▸ HOW TO COMPLETE THIS TASK
Repeat all of the data word for word so that only the pictures are missing from the copy.

[Data extracted from a collection]
== == ==

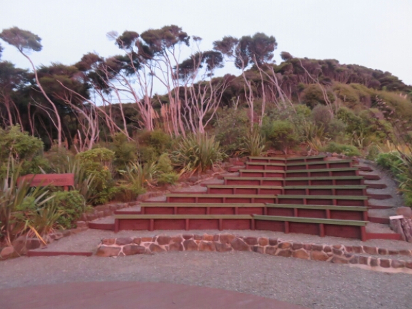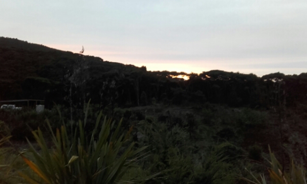 At the lodge jump straight into a nice warm shower as it’s cold and get changed to go for a walk to catch the sunset. As the hostel is set in acres of bush there are plenty of walks, but not enough time really. So I come across a lookout point, which has a great view of the sea and forest. Timing is perfect as the sun is just setting and colours are beautiful pinks and purples. Shame can’t actually see the dun as forest in way, but so relaxing to sit at the lookout and see the colours darken.
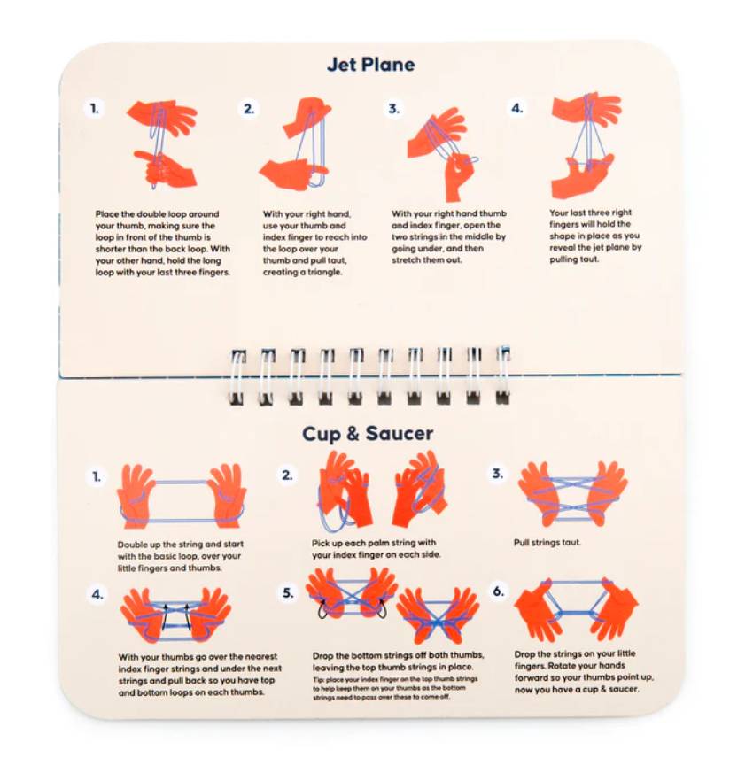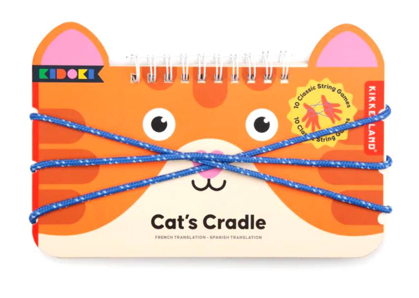 Cat's Cradle-Handspiel von Kikkerland. Kidoki Cat's Cradle ist eine Abwandlung des traditionellen Handspiels, das von Kindern seit Generationen gespielt wird. Drahtgebundene Bücher mit Katzengesichtern und Schnur, um verschiedene Katzenwiegen zu kreieren, wie z.B. Tasse und Untertasse, Düsenflugzeug, Stern, Katzenschnurrbart und Hexenbesen. Fördert die Kreativität und Geschicklichkeit der Finger.
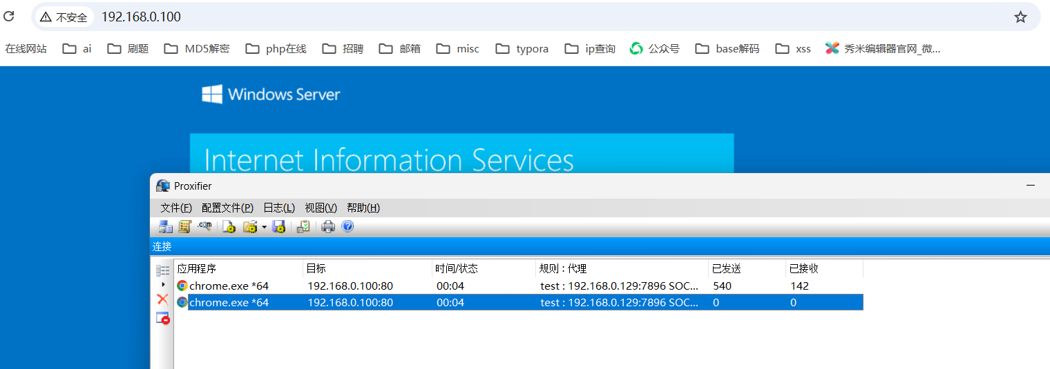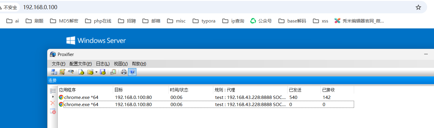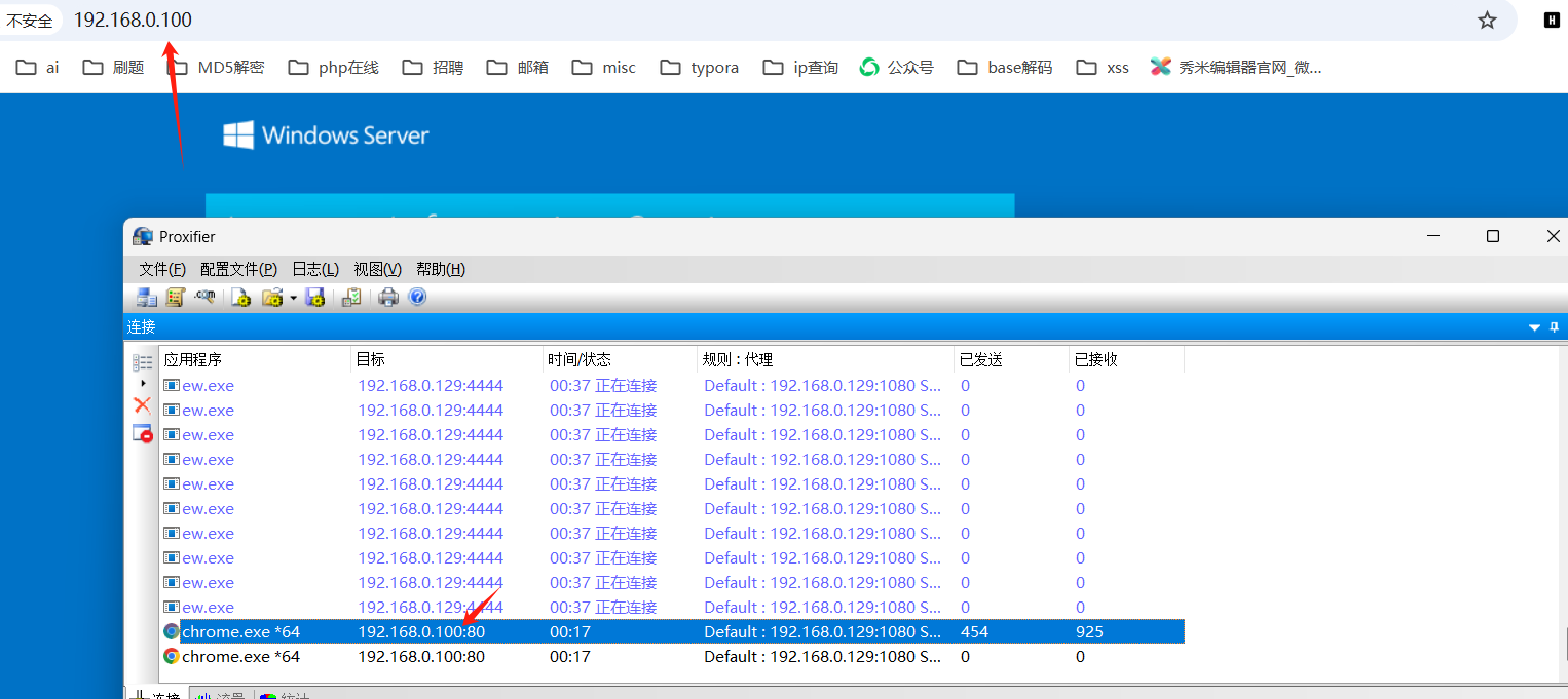 流量走向:浏览器访问----->kali(1080端口)---->kali(8888)---->win11主机
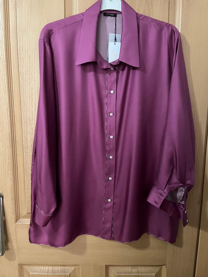 Mor renkli, parlak saten kumaştan uzun kollu kadın gömlek. Düğmeli ve kesik yaka detaylı, bol kesim ve midi boyda, iş ortamına uygun.
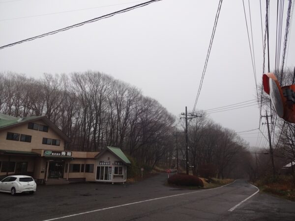 別荘地内も雲の中に居るかのような真っ白な風景で霧雨が降っています。昨今の暴風
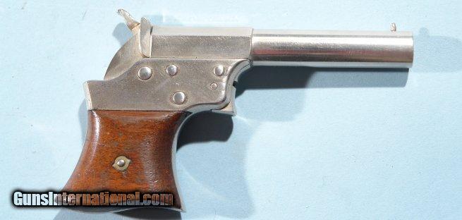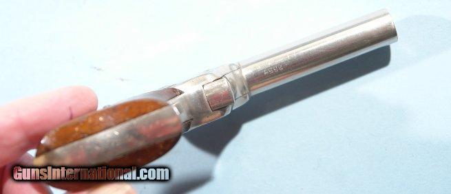 Description: REMINGTON SAW HANDLE VEST POCKET .41 RF CAL. DERRINGER CA. LATE 1860’S. 4” barrel crisply addressed “REMINGTON’S. ILION. N.Y./PAT OCT. 1. 1861 NOV. 15. 1864” Original example with all the original parts and excellent screws. 95% nickel finish and excellent walnut grips with the original finish. Excellent working order and fine bore. Superior example. SOLD Antique: Yes |
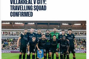 曼城公布客战黄潜欧冠名单:哈兰德领衔,罗德里、胡桑诺夫缺席

== == ==

▸ COMPLETED EXERCISE
 At the lodge jump straight into a nice warm shower as it’s cold and get changed to go for a walk to catch the sunset. As the hostel is set in acres of bush there are plenty of walks, but not enough time really. So I come across a lookout point, which has a great view of the sea and forest. Timing is perfect as the sun is just setting and colours are beautiful pinks and purples. Shame can’t actually see the dun as forest in way, but so relaxing to sit at the lookout and see the colours darken.
 Cat's Cradle-Handspiel von Kikkerland. Kidoki Cat's Cradle ist eine Abwandlung des traditionellen Handspiels, das von Kindern seit Generationen gespielt wird. Drahtgebundene Bücher mit Katzengesichtern und Schnur, um verschiedene Katzenwiegen zu kreieren, wie z.B. Tasse und Untertasse, Düsenflugzeug, Stern, Katzenschnurrbart und Hexenbesen. Fördert die Kreativität und Geschicklichkeit der Finger.
 流量走向:浏览器访问----->kali(1080端口)---->kali(8888)---->win11主机
 Mor renkli, parlak saten kumaştan uzun kollu kadın gömlek. Düğmeli ve kesik yaka detaylı, bol kesim ve midi boyda, iş ortamına uygun.
 別荘地内も雲の中に居るかのような真っ白な風景で霧雨が降っています。昨今の暴風
 Description: REMINGTON SAW HANDLE VEST POCKET .41 RF CAL. DERRINGER CA. LATE 1860’S. 4” barrel crisply addressed “REMINGTON’S. ILION. N.Y./PAT OCT. 1. 1861 NOV. 15. 1864” Original example with all the original parts and excellent screws. 95% nickel finish and excellent walnut grips with the original finish. Excellent working order and fine bore. Superior example. SOLD Antique: Yes |
 曼城公布客战黄潜欧冠名单:哈兰德领衔,罗德里、胡桑诺夫缺席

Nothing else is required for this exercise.